━━━━━ MATERIALS PROVIDED

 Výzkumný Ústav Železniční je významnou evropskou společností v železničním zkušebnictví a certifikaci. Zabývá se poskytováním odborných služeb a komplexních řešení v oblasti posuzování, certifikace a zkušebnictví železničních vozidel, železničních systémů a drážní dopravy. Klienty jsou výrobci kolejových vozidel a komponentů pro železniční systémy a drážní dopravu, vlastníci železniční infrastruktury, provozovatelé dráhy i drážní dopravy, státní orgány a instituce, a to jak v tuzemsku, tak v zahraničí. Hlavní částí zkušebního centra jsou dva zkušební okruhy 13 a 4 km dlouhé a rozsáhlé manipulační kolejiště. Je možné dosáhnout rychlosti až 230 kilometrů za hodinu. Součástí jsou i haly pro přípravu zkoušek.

━━━━━━━━━━
━━━━━ MATERIALS PROVIDED

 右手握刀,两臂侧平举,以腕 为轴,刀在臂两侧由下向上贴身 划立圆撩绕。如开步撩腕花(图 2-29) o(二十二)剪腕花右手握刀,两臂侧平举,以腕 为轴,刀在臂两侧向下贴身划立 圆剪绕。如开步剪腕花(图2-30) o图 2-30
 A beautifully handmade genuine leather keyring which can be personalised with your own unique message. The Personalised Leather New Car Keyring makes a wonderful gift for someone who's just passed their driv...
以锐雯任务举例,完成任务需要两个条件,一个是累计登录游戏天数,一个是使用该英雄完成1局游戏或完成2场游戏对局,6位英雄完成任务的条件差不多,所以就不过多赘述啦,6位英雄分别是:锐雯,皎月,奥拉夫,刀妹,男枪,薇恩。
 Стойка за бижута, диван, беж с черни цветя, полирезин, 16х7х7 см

━━━━━━━━━━
━━━━━ MATERIALS PROVIDED

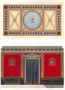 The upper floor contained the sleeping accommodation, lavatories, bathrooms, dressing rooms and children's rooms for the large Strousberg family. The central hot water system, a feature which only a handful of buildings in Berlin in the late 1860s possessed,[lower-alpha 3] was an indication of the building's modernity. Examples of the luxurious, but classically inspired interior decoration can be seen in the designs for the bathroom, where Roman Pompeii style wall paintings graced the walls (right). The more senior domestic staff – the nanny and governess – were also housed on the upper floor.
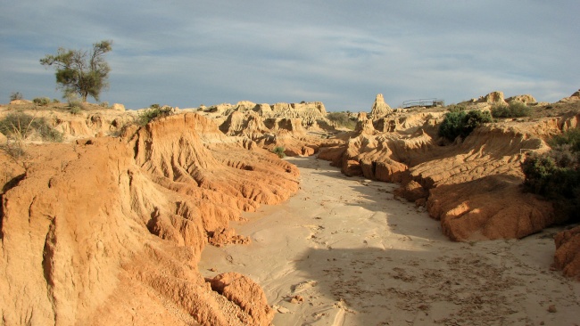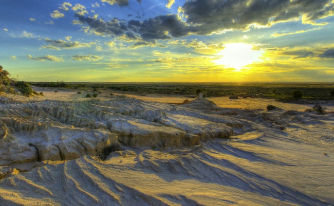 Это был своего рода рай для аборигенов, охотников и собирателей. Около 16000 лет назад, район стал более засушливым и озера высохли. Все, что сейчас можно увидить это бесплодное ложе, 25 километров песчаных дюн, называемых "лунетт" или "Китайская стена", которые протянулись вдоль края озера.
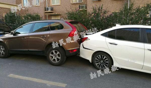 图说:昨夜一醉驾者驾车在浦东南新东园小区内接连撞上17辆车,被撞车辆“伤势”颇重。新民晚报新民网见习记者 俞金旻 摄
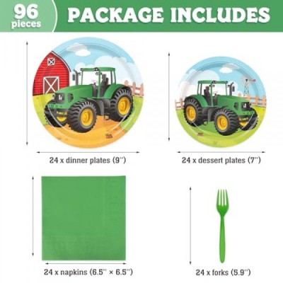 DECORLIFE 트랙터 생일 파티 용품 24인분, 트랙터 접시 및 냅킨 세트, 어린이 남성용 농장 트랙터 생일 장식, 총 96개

━━━━━━━━━━

> _TASK GOAL_: Among the records above, extract exactly the lines from the line with "A beautifully handmade" to the line with "Стойка за бижута, диван, беж", both lines included, and leave out the rest.

> _WRITTEN SOLUTION_:
 A beautifully handmade genuine leather keyring which can be personalised with your own unique message. The Personalised Leather New Car Keyring makes a wonderful gift for someone who's just passed their driv...
以锐雯任务举例,完成任务需要两个条件,一个是累计登录游戏天数,一个是使用该英雄完成1局游戏或完成2场游戏对局,6位英雄完成任务的条件差不多,所以就不过多赘述啦,6位英雄分别是:锐雯,皎月,奥拉夫,刀妹,男枪,薇恩。
 Стойка за бижута, диван, беж с черни цветя, полирезин, 16х7х7 см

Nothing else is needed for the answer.